● Task to carry out: Your answer must be only the lines below from the one containing "일자 주방이다 보니 동선이" through the one containing "While we’re all", copied exactly, with the pictures left out.

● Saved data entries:
──────────────────────────────

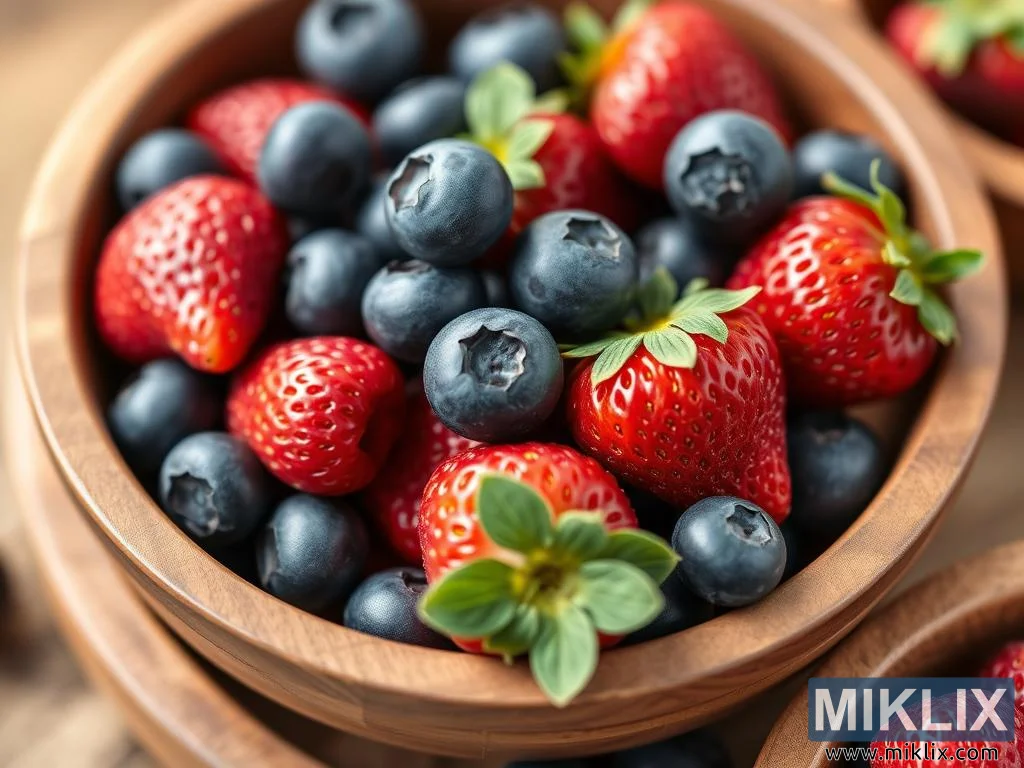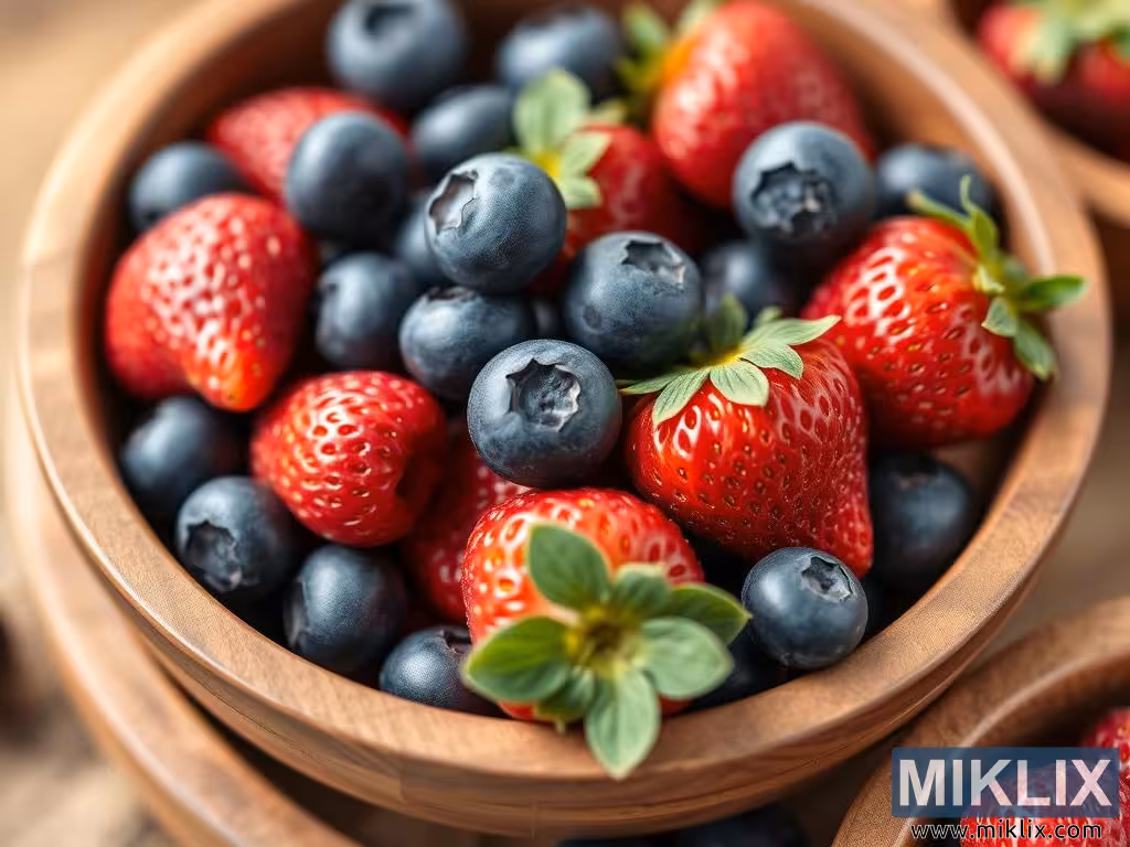 Maalaismainen puinen kulho sisältää kypsiä mansikoita ja mustikoita, jotka esittelevät eloisia värejä ja tuoreita, luonnollisia tekstuureja yksinkertaisessa ja viehättävässä asetelmassa.
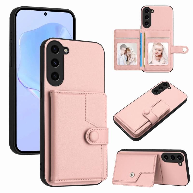 For Samsung Galaxy S23 FE 5G Button Card Bag RFID Anti-theft Phone Case(Pink)
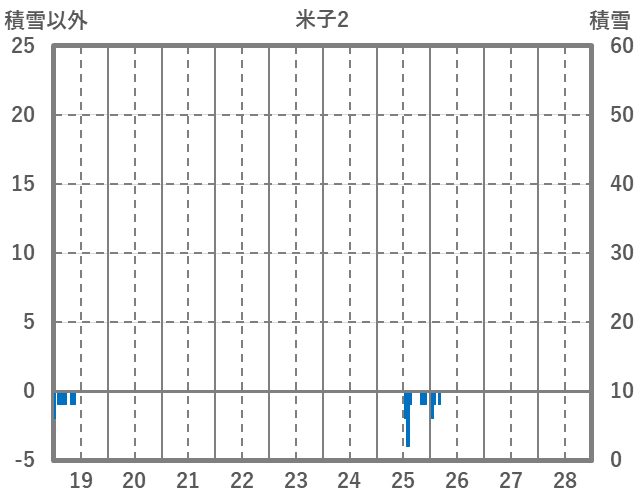 | 日 | 時 | 気温 | 降水 | 風向/風速 | 日照 | 積雪 | 降雪 |
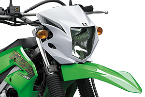 Like Kawasaki’s KX450 and KX250, the new KLX300R features bodywork designed to facilitate rider movement. The slim design of the frame and bodywork helps the rider grip the bike for increased control, while the KX-inspired seat design offers great freedom of movement for off-road riding.
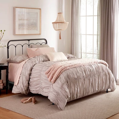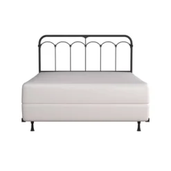 Industrial in inspiration yet fresh in its execution, the Jocelyn headboard turns a metal headboard with simple curves into something romantic. Constructed of metal with a black speckled finish, the Jocelyn headboard has an airy design reminiscent of picket fences. It is available in twin, full/queen and king sizes. The metal bed frame is included. Requires a mattress and box spring.
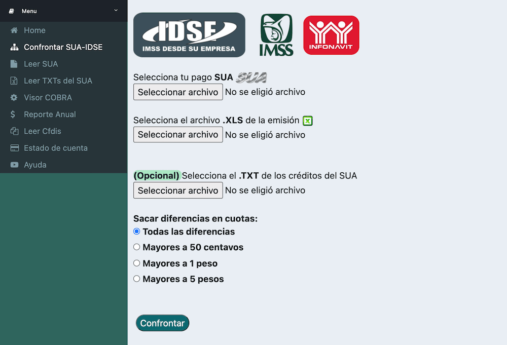 Permite obtener las diferencias en cuotas obrero patronal, días cotizados, nombres, números de créditos, empleados faltantes en SUA/IDSE. Exporta todas las diferencias a un archivo Excel para poder manipular las diferencias al gusto del usuario.
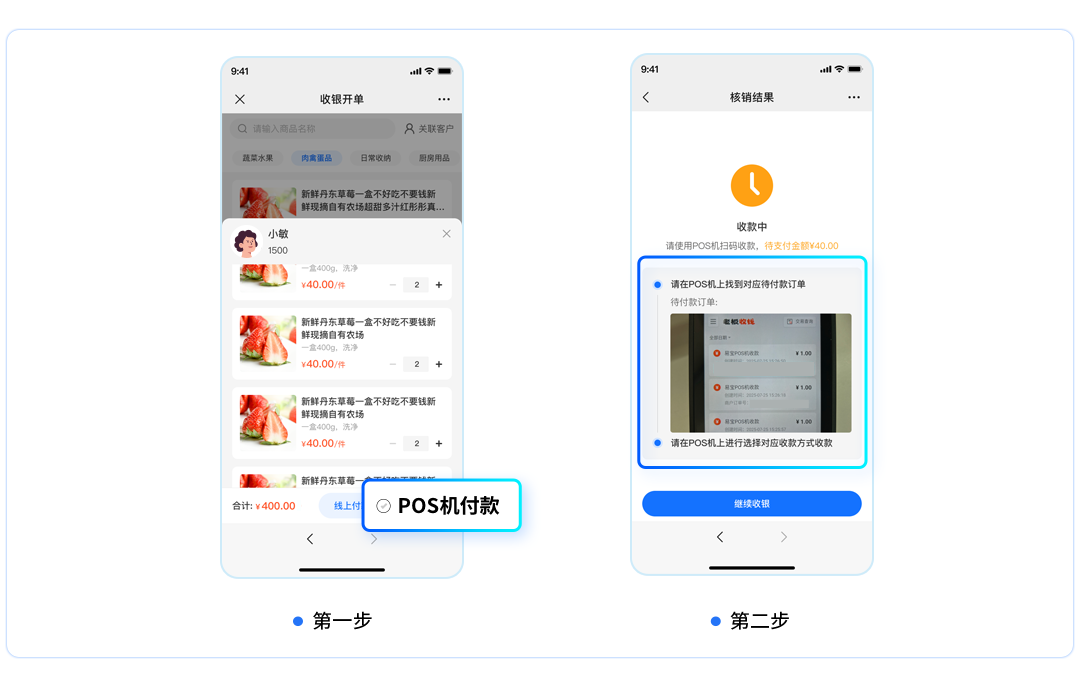 对于已开通POS机收银功能的门店,可选择POS收款。目前仅支持微信付款码,扫码后金额自动推送至POS终端,支付流程顺畅便捷。
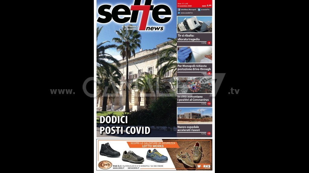 E’ in edicola Sette News. In copertina “ Dodici posti covid”. Dodici posti al S. Giacomo dedicati ai malati di Coronavirus. Il sindaco Annese: “ Ma il nostro nosocomio non è un ospedale Covid”. All’interno “Tir si ribalta:sfiorata tragedia”. Autista illeso, ma la statale 16 è rimasta bloccata per ore. “ Per Monopoli richiesta postazione drive-troogh”. La richiesta del consigliere regionale Fabiano Amati e già inoltrata dal sindaco Angelo Annese e dal consigliere regionale, Stefano Lacatena. “In città aumentano i positivi al Coronavirus”. In città sono 56 i positivi al Covid. L’aggiornamento del primo cittadino. “ Nuovo ospedale accelerati lavori”. Accelerati i lavori con l’ingaggio di nuovi operai. Si cerca di recuperare il tempo perso a causa del lockdown del marzo scorso. In questo numero ampie pagine di cronaca, politica, attualità, sport, rubriche e appuntamenti. Sette News è in tutte le edicole di Monopoli.
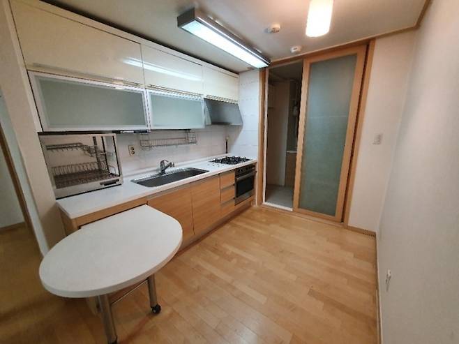 일자 주방이다 보니 동선이 짧다는 점이 참 효율적이었습니다. 냉장고는 주방에 딸린 보조 주방에 들어가 있어요.
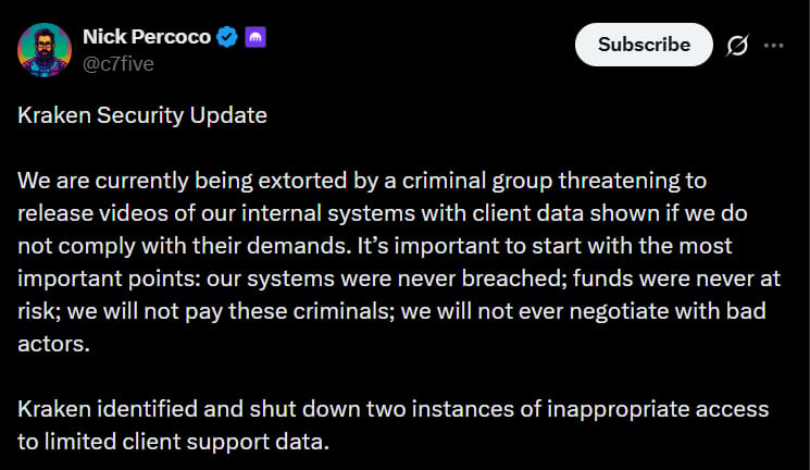 While we’re all watching the charts for that next leg up, we’ve got a major Security Alert coming out of one of the OGs in the space. Kraken just went full "Sovereign individual" mode, publicly refusing to negotiate with a group of bad actors trying to extort them.
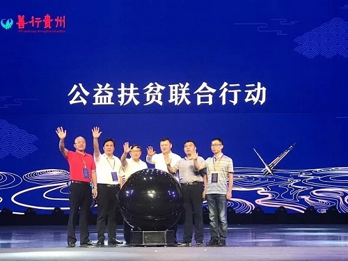 盛典活动现场,贵州省民政厅党组成员、副厅长刘玉海,黔东南州州委常委、副州长郑秀全,贵商总会常务副会长、秘书长孔祥柱,北京贵州商会副会长刘学文,贵商总会理事陈海彬,贵州大健康产业联合会常务会长李修松上台共同启动水晶球,发起“公益扶贫联合行动”,希望通过推介交流、联合发力,聚集更多资源向贫困地区倾斜,创新贵州公益扶贫新实践、促进贵州慈善公益新发展。
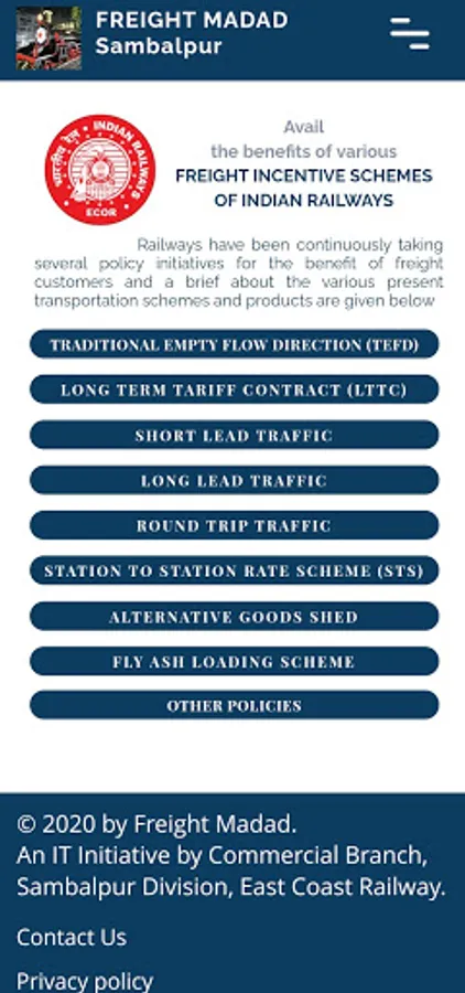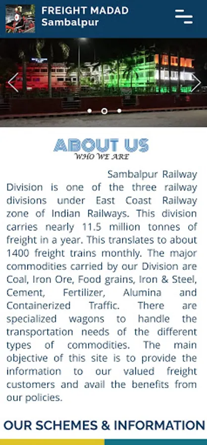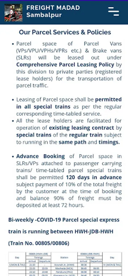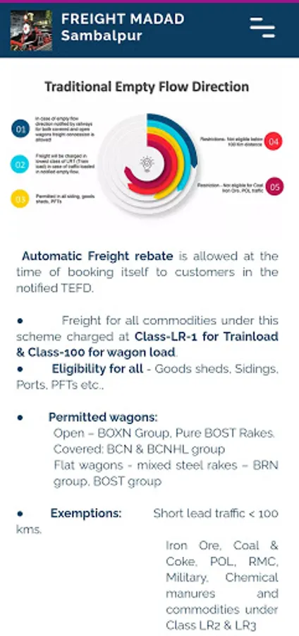 With an aim to increasing freight business, Railways have set up Business Development Units (BDU) across all Divisions. BDU of Sambalpur Division has designed and developed this app with a Customer First Philosophy and helps in familiarizing New freight customers with Indian Railways Freight Business and provides the information pertaining to all goods sheds, handled commodity as well as parcel services over the division.
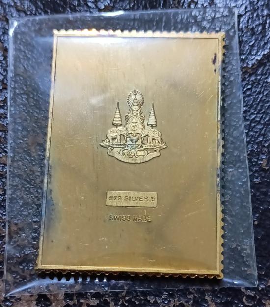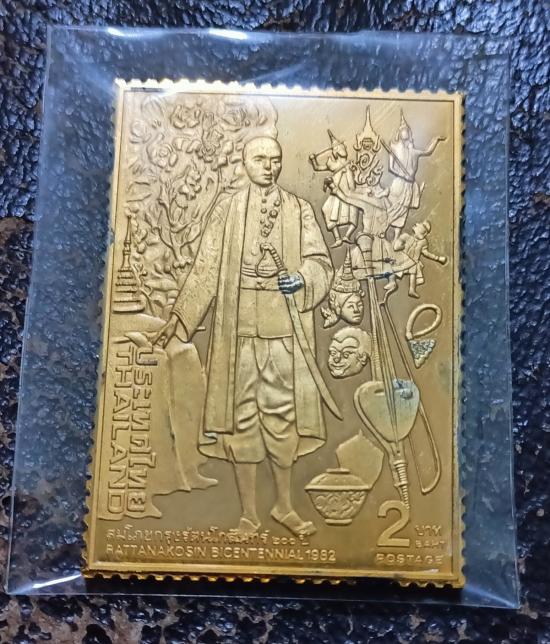 เหรียญแสตมป์ รัชกาล เงินชุบทอง หลังตรากาญจนาภิเษก ขนาด3.5x5เซน
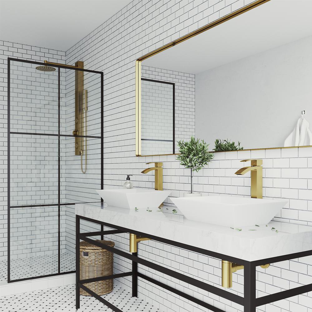 Durability drives the force behind the VIGO Vinca Matte Stone sink with the VIGO Duris Vessel Bathroom Faucet Set in matte brushed gold. This bathroom vessel set offers modernity at its finest. The sink is made from VIGO's proprietary Matte Stone construction, a solid to the core, non-porous composite material that resists scratches, stains, and impact. Impressive in build and made to last for years of use, this sink is impeccable in both style and structure. It is durable and stylish, making it just what you need to pair with a sleek faucet like the VIGO Duris Single-Handle Vessel Mount. This faucet has 100% solid brass construction, making it the epitome of strength and resilience. Its vessel mount installation frees up counterspace to offer a more spacious layout. The faucet's water volume and temperature operations are controlled by the use of just one, easy to use lever. With a 1.2 GPM flow rate, the VIGO Duris conserves water without compromising performance. Practical and stylish, this faucet does it all. The bathroom sink set comes complete with a matching matte brushed gold pop-up drain and mounting ring for your convenience.
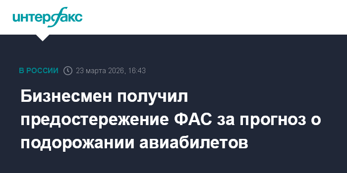 Бизнесмен получил предостережение ФАС за прогноз о подорожании авиабилетов
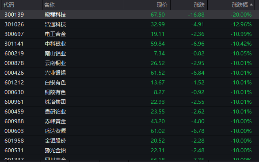 A股有色金属股批量跌停逾30股跌停
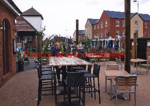 No.1 Shoulder of Mutton (pub) as at opening day 22nd October 2013 as a Wetherspoons outlet. The garden/seating area in what was former car park of pub.
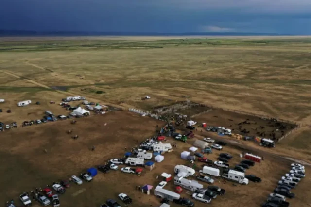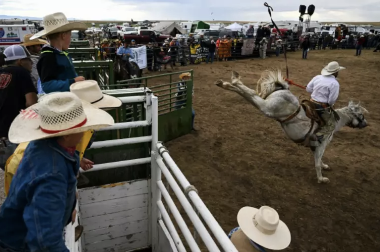 Dans ce minuscule bourg de l'Ouest américain, le public vibre au rythme des coups de sabot que lance un des chevaux contre une clôture blanche.

──────────────────────────────

● Task answer:
 일자 주방이다 보니 동선이 짧다는 점이 참 효율적이었습니다. 냉장고는 주방에 딸린 보조 주방에 들어가 있어요.
 While we’re all watching the charts for that next leg up, we’ve got a major Security Alert coming out of one of the OGs in the space. Kraken just went full "Sovereign individual" mode, publicly refusing to negotiate with a group of bad actors trying to extort them.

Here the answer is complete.